A Chorus of Voices Warns Against Creating a “Domestic Terrorism” Charge

Civil Society Groups Warn Against Anti-Protest Legislation Following Siege of US Capital
January 9, 2021
Civil Liberties After the Insurrection
January 22, 2021


UPDATED 1/22/21 

Leading civil rights and civil liberties groups (including Defending Rights & Dissent) yesterday urged members of congress to abstain from passing any additional domestic terrorism laws in response to the January 6 mayhem at the Capitol.

“We are concerned that a new federal domestic terrorism statute or list would adversely impact civil rights and — as our nation’s long and disturbing history of targeting Black Activists, Muslims, Arabs, and movements for social and racial justice has shown — this new authority could be used to expand racial profiling or be wielded to surveil and investigate communities of color and political opponents in the name of national security,” our letter noted.

Read the full letter here. [Note: on January 21, an additional coalition letter was sent to the Hill, see below]

In the House, Rep. Rashida Tliab (D-MN) and eight colleagues sent a letter to House Speaker Pelosi and (now former) Senate Majority Leader McConnell urging that national security powers not be expanded.

“The Trump mob’s success in breaching the Capitol was not due to a lack of resources at the disposal of federal law enforcement, and in this moment we must resist the erosion of our civil liberties and Constitutional freedoms, however well-intentioned proposed security reforms may be,” the lawmakers wrote. “We firmly believe that the national security and surveillance powers of the U.S. government are already too broad, undefined, and unaccountable to the people.”

The letter pointed to our nation’s history of initiatives that were sold as being necessary to fight extremism but quickly devolved into tools used for the mass violation of human and civil rights, including House Un-American Activities Committee (HUAC), the Federal Bureau of Investigation’s (FBI) Counterintelligence Program (COINTELPRO), the USA Patriot Act, and the FBI’s anti-Black Lives Matter Operation Iron Fist. 

Read the full letter here.

The letter from civil society organizations was led by The Leadership Conference on Civil and Human Rights, the Arab American Institute, Bend the Arc: Jewish Action, Muslim Advocates, and the NAACP Legal Defense Fund. Defending Rights & Dissent joined 135 other organizations signing the letter.

Indications are that a domestic terrorism bill will be introduced in Congress in the next week or two.

“It is ironic, but no surprise that Congress is poised to respond to an attack on our democracy with legislation that will further undermine our democracy. Any new domestic terrorism charge will quickly turn into a tool to silence dissenters and harm marginalized communities,” said Sue Udry, DRAD’s executive director.  “We, and others, are ready to fight that bill, along with any other legislation that would grant money and new authorities to the very agencies that proved their disutility on January 6.”
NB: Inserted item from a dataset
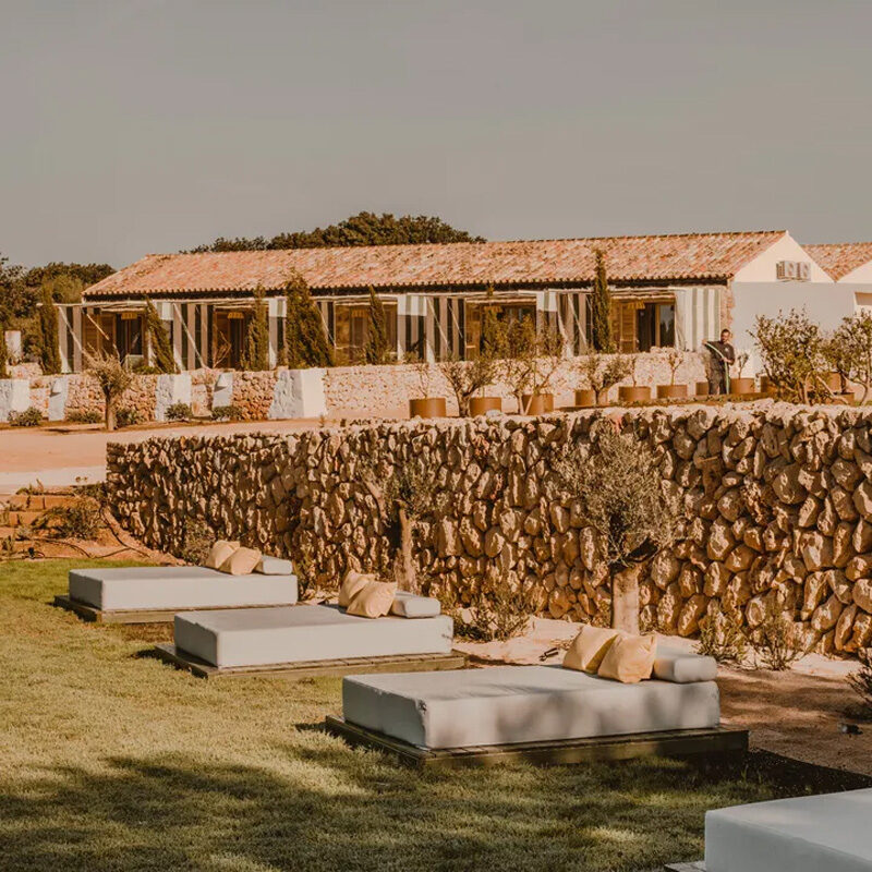 Agriturismo boutique di lusso 5 stelle riservato agli adulti, ricavato da una tenuta ottocentesca tra uliveti e campagna minorchina, con spa, ristorante gourmet e atmosfera esclusiva.

Defending Rights & Dissent also joined another letter that expressed opposition to any new domestic terrorism charge, but also warned against granting law enforcement any new surveillance authorities:

After major national tragedies, Congress has frequently considered legislation that would add to the surveillance authorities and capabilities that law enforcement officials already have. However, new surveillance authority is not needed to prevent an assault like the one that occurred on January 6. The attack on the Capitol was planned and executed in plain sight, and was splashed all over social media as the insurrectionists published pictures and video clips of themselves and each other breaking into the Capitol, invading members’ offices, and parading through corridors with the Confederate battle flag. Within a few days of the event, the FBI said it had received over 130,000 videos and photos associated with the attack. The Bureau has commenced one of the largest investigations in U.S. history, and it is being inundated with information, not starved of it.